Guidelines and suggestions for class presentations
Professor Bob Broad
(Updated March 9, 2005)
In nearly all of my classes, I require my students to
conduct substantial research projects in the area covered by the course. This is because as a student and a
teacher/professor, I found doing sustained, in-depth, to-be-published research
is the activity that created the most challenging and profound learning. Most of my students report the same
thing.
I also typically require my students to make class presentations
based on their research projects. There
are several reasons for this:
- The
act of presenting one’s research while the project is still in progress
often clarifies insights and highlights further possibilities for
research.
- Presenting
to others gives you the chance to see how well your audience understands
your project and how interested they are in your question and your
findings.
- Presenting
to others allows you to hear from them their questions, suggestions,
resources, and other suggestions that should prove helpful to you as you
finish your project.
I very purposefully do not
give my students a set format to follow in creating their presentations. This is because the creative and critical
thinking you do when you decide how to compose your presentation is not only
good for you (builds character, makes you smarter, etc.), it helps you
understand your project better. Plus,
the variety and surprise makes the presentations a lot more enjoyable.

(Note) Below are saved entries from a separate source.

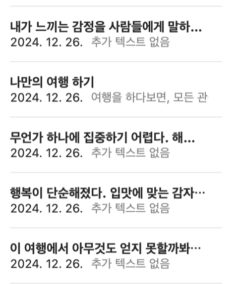 그렇게 불안하고 혼란스러웠기에, 이 세계여행에서 무언가를 얻고 오기를 바랐다. 나를 더 잘 알게 되기를. 가슴 뛰는 일을 찾게 되기를. 조금 더 단단해지기를. 앞으로 나아갈 방향을 발견하게 되기를. 그래서 여행 초반엔, 스쳐가는 생각 하나조차도 놓치지 않으려 애썼다. 혹시라도 중요한 깨달음을 흘려보낼까봐, 불안한 마음으로 모든 생각을 메모했다. 그 불안함은, 2023년 12월 26일. 단 하루 동안 내가 적어둔 10개의 메모 속에 고스란히 담겨 있다.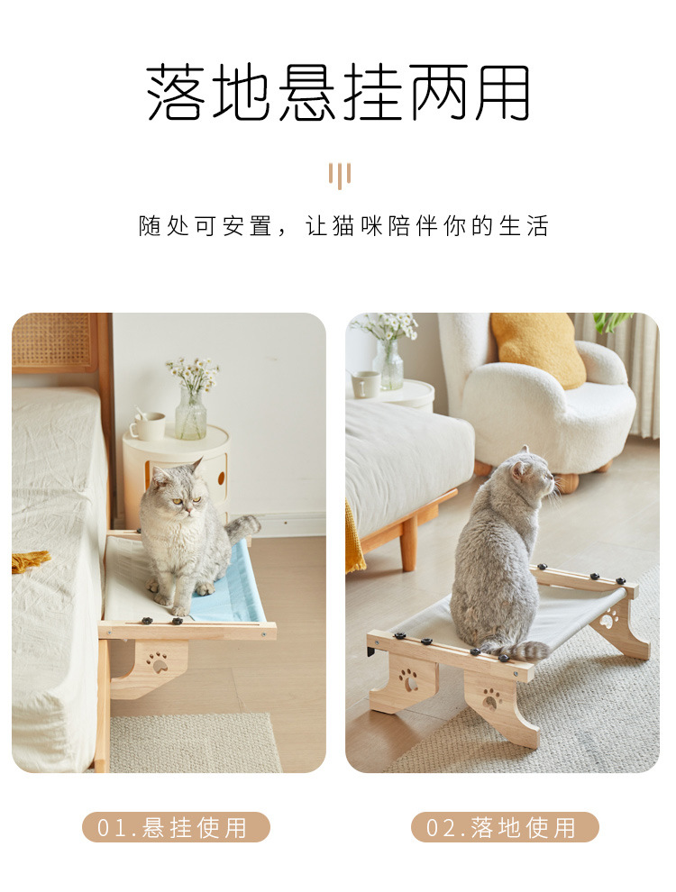 가정용 사계절 고양이 침대, 창문에 걸 수 있는 고양이 해먹, 원목 고양이 침대, 초대형 고양이 해먹 침대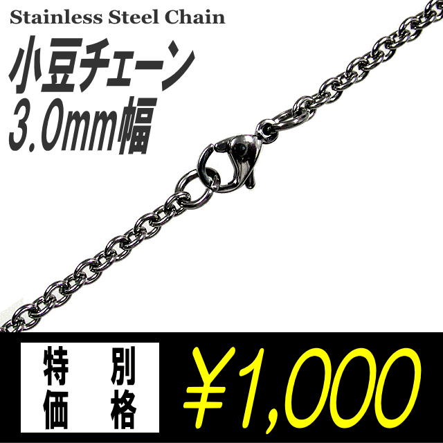 ステンレスネックレス /小豆/チェーン 【3.0mm幅】ステンレスチェーン/あずきチェーン/アズキチェーン/ステンレスチェーン/ネックレス(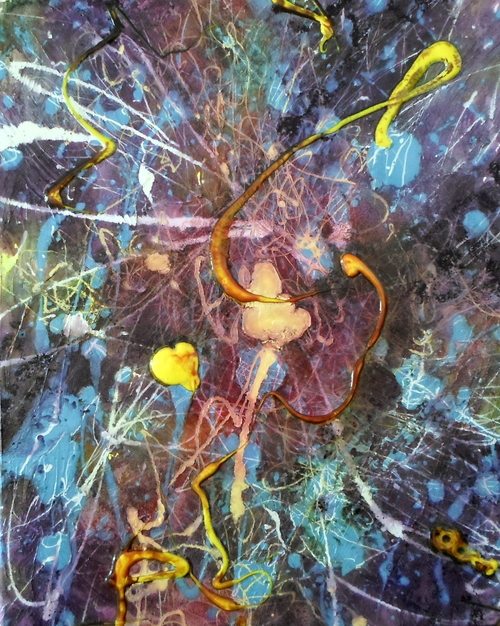I love the detail and color I am able to get with the latex paint and alcohol inks (which I mix myself in large mason jars) and I love how my paintings depict the idea behind them…..even if it’s only in my twisted brain. I don’t like the fact that my studio space limits me at the present time as to being able to do super-large canvasses. I’m working on changing that.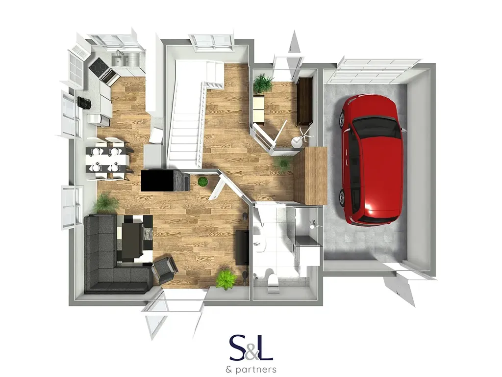 V přízemí domu se nachází zádveří, prostorná chodba a světlý obývací pokoj s krbem a propojený s kuchyňským koutem vybaveným spotřebiči. Z obývací části vedou francouzské dveře přímo do pergoly a na zahradu, což zajišťuje pohodlné propojení interiéru s venkovním prostorem. V přízemí je dále koupelna se sprchovým koutem a toaletou.

That said, below I list suggestions and guidelines that may
help you as you create your presentation.
- Most
class presentations last about fifteen minutes. Plan your time carefully and practice
your presentation a couple of times on a real, live, human audience.
- Spend
a few minutes (3-5?) orienting your audience to your research topic and
your research question.
- Use multi-media
in your presentation. Include audio
(music and/or spoken voice), video, PowerPoint, the www, photographs,
paintings, drawings, posters, handouts, bibliographies, disco lighting, or
whatever else will get your audience excited about your project.
- Reserve
at least half of your presentation time for getting your audience actively
involved in wrestling with what you judge to be the most challenging,
provocative, or rewarding issue/ question/ angle of your topic. This is the part where you, the
presenter, STOP talking and your audience starts talking (or writing, or
performing, or whatever)
- Use
writing-to-learn and writing-to-think as a strategy to get your audience
talking. For example, ask them to
write for one minute their thoughts or questions
about your key question or issue or problem before you ask them to start
talking.
If you are excited about your presentation and prepare it
thoroughly and creatively based on your substantive research, you and your
audience (and your professor) are sure to enjoy and learn from it.